Sewage running down the sides of streets and rats scurrying through housing were examples of violent poverty in Iraq that 2000 Noble Prize Nominee Kathy Kelly cited in a speech last night to about 100 students in Angell Hall.

Paul Wong
JOHN PRATT/Daily
2000 Nobel Peace Prize nominee Kathy Kelly addresses University community members last night in the MIchigan Union.

Kelly urged her audience to oppose another war with Iraq and to clamor for an end to the economic sanctions that she says have devastated Iraqi’s for the last 12 years.
“The U.S. public suffers from a deplorable lack of information,” she said. “We should maintain the cry for peace even among others’ cry for war.”
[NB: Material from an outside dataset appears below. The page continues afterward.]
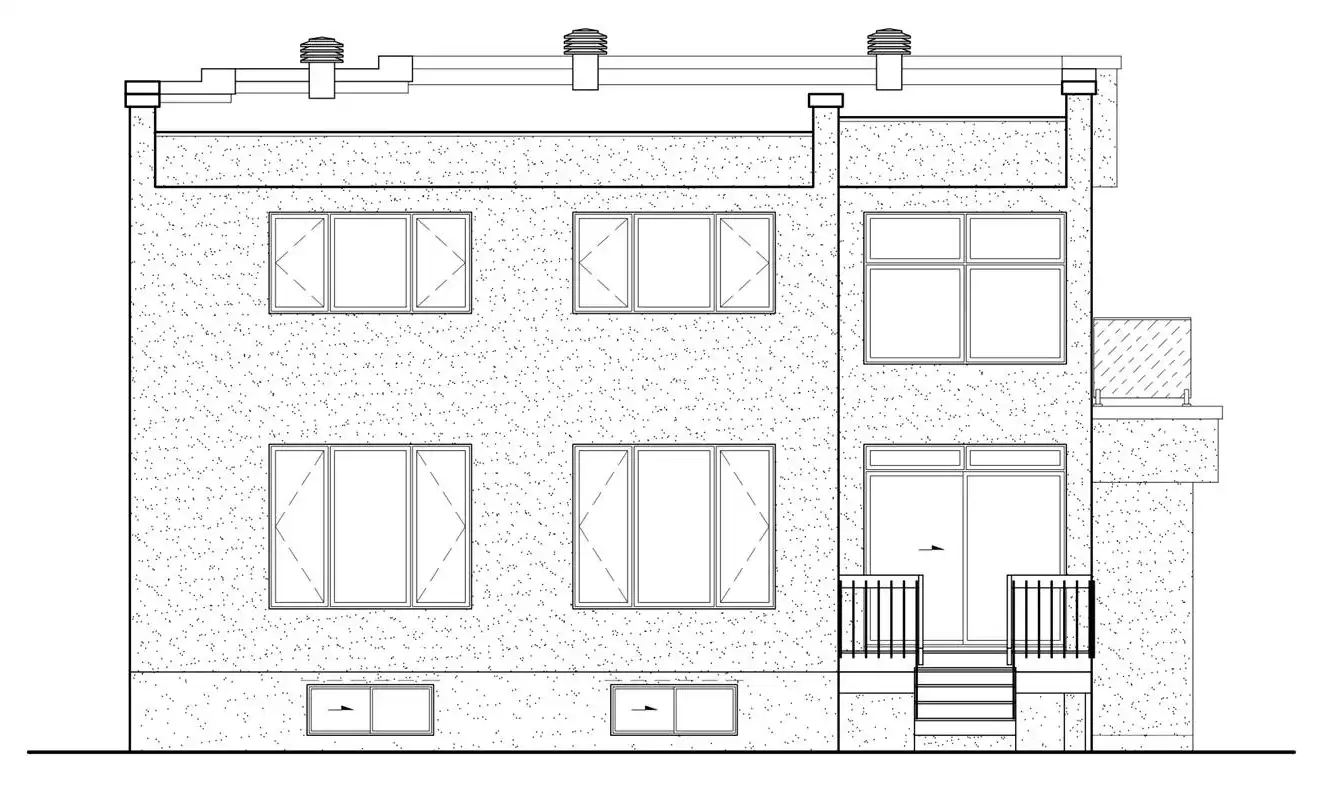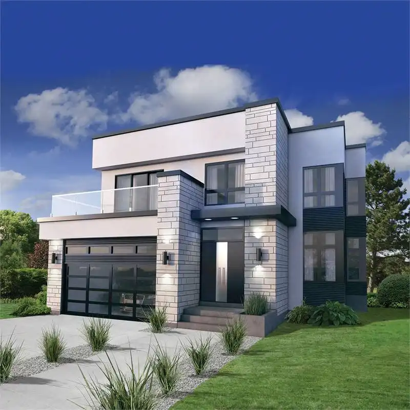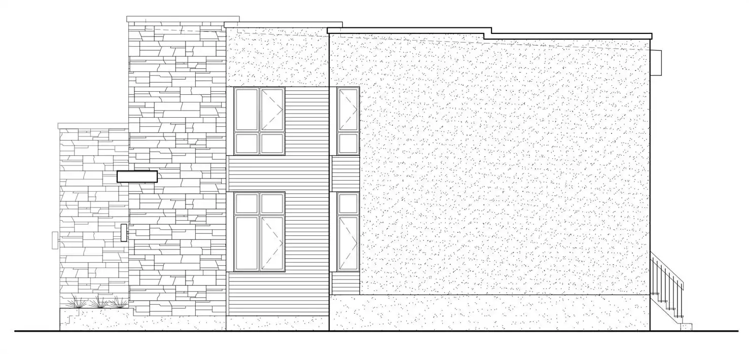 Your new neighbors will marvel when they view this modern three-bedroom design. Double doors introduce the foyer, where a coat closet accepts your guests' jackets. Three steps up, a quiet office allows you to work from home. The living and dining rooms both open to the outdoors via sliding glass doors. The island kitchen incorporates snack space for four. Upstairs, the lovely master suite opens to a rooftop deck. A loft overlooks the living room below.

Kelly expressed her frustration that although Iraq consented to allowing weapons inspectors within its borders, the Bush administration is poised for war – alluding to the speculation that if inspectors go to the country, military forces may accompany them.
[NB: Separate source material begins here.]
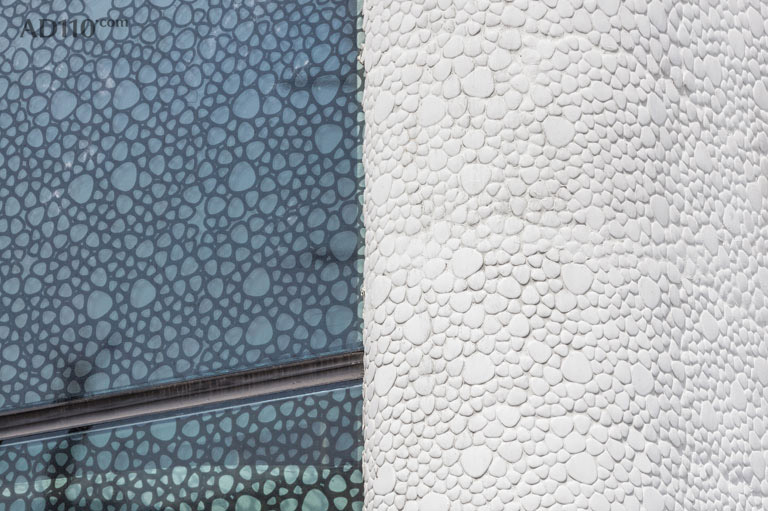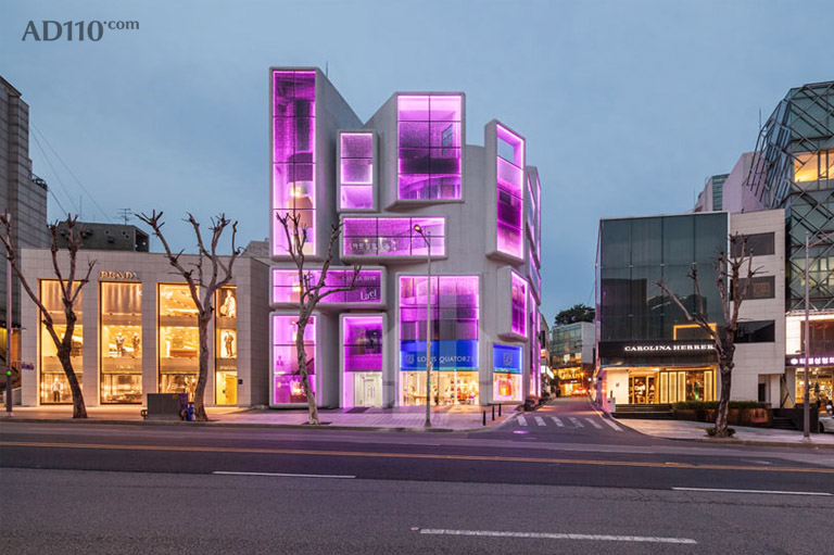 MVRDV重塑了这座大厦的形态,把一系列凸出的店铺橱窗嵌入在外立面上,显示了chungha大厦的多重属性和特点。建筑师发现曲线形的外墙面最适合这些不同大小的开窗,搭配白色的马赛克瓷砖——从近处看好像白色的泡沫,从远处看就变成光滑的石头——这个设计成为一种独特的材料,覆盖了原有的浅褐色的立面。彩色LED灯的运用完全改变了这座多功能建筑的外观,让每个窗户在夜间闪闪发光,分外突出。这个改造项目仅用了9个月时间,最大的挑战就是紧凑的基地现状。这座5层高的建筑,最宽的部分只有2.5米,建筑需要把自己挤压在非常狭窄的空间中。

“I can’t believe that in residential and commercial areas, there would be American forces occupying the streets,” Kelly said.
Kelly has participated in 16 visits to Iraq as part of the organization Voices in the Wilderness, which sends volunteers to the country to observe the conditions of its people. She presented examples of the destitution in Iraq that she has seen in her travels. In addition to living on a strict diet of lentils and rice, she said the people must nourish themselves with contaminated water and live in houses with no roofs in 100-degree temperatures.

One spectator was so distraught from Kelly’s description of the people, she left the event in tears before it finished.

“She was sent by God. I don’t remember being to a lecture where someone was so brave and inspirational and her solution to the world problems are simple, just through love and courage,” said the attendee, who wished to remain anonymous.
Rackham student Eric Reichenberger, a member of the Muslim Student Association, which hosted the event, said “most people don’t see the effect of sanctions on the Iraqi people. They’re just trying to survive, not change their leadership.”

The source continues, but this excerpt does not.